September 20, 2012 Leave a comment

Federal prosecutors and lawyers for Guyanese businessman Ed Ahmad, who has been indicted in a $50 million mortgage fraud scheme, have reached a plea arrangement.

According to a letter seen by this newspaper and which was filed today by Assistant United States Attorney Alexander A Solomon, Ahmad’s matter was yesterday adjourned to October 10 for a “guilty plea.”

As such he said that the prosecution and the defence are requesting from Judge Dora Irizarry that time be excluded from the speedy trial computation between September 21 and October 20 for “the purpose of permitting the parties to finalise their plea negotiations.”

Ahmad had made a US$40,000 payment to Rep Gregory Meeks (D-NY) in 2007 that the Congressman failed to disclose on his Financial Disclosure Reports for 2007, 2008, and 2009. Meeks subsequently claimed the $40,000 payment was a loan, but there were no note or payments until several years after the payment was made. Last year the Office of Congressional Ethics (OCE) asked the House Ethics Committee to investigate the matter. The OCE reported that Meeks “refused to cooperate with the OCE’s investigation,” NLPC noted.

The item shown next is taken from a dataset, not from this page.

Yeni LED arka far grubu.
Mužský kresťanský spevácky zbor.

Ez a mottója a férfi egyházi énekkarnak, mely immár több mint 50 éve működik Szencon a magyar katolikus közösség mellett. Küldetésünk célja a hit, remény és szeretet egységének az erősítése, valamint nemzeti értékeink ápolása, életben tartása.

Ahmad was detained last July on charges that he operated a US$50 million mortgage-fraud scheme in Queens, New York. He faces a maximum of 30 years in jail. He is currently on US$2.5 million bail.

Ahmad’s case has attracted great interest in Guyana because of his close ties to former president Bharrat Jagdeo. Ahmad had shipped a container of goods to Jagdeo at State House and many questions were asked about this.

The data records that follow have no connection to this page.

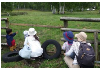
菅平牧場へ行きました
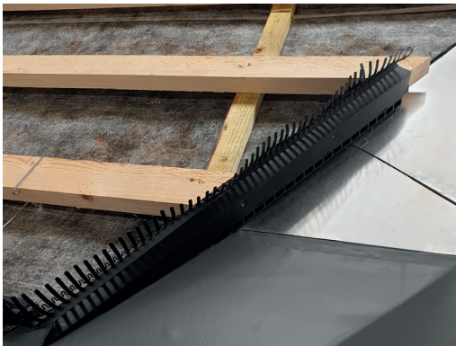
5 Det nederste element tilpasses i længden, så det passer til fuglegitter ved tagfoden. Hvis muligt afkortes elementet, så der kan laves en samling over næstsidste lægterække. Ved knæk i tagfoden skal det sidste element smigskæres i enden.
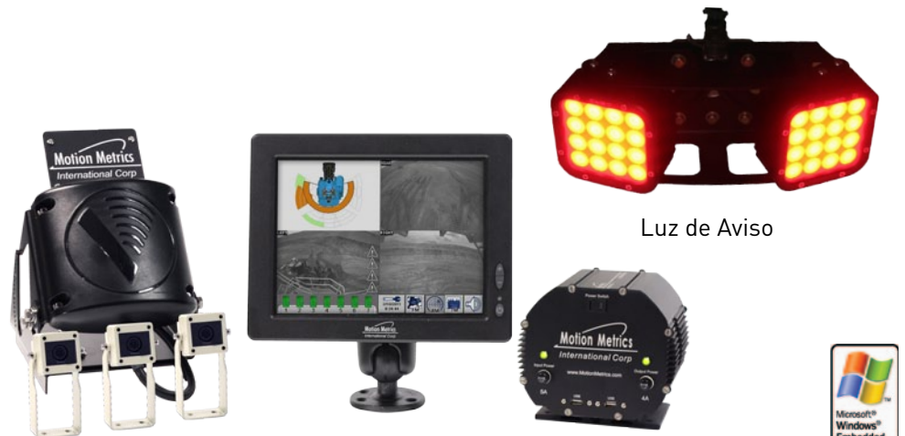
Sistema ViewMetrics™ & RadarMetrics™

O sistema RadarMetrics™ divide uma plataforma comum com os sistemas ToothMetrics™ e FragMetrics™ e pode ser combinado para fornecer uma solução completa de monitoramento da escavadeira por uma fração do custo. Os três sistemas são perfeitamente integrados em uma única interface gráfica.

Three alleged co-conspirators — Ahmad’s cricket friends and employees — were also indicted in an associated case last year, court records show.

The report said that Queens-based brokers Qayaam Farrouq, Mohamed Gurmohamed and Guyanese cricketer Steve Massiah were charged with defrauding banks and mortgage companies by falsifying mortgage-loan applications to make borrowers appear more creditworthy to financial institutions, court records show.

The matter against Massiah has since been dismissed without prejudice.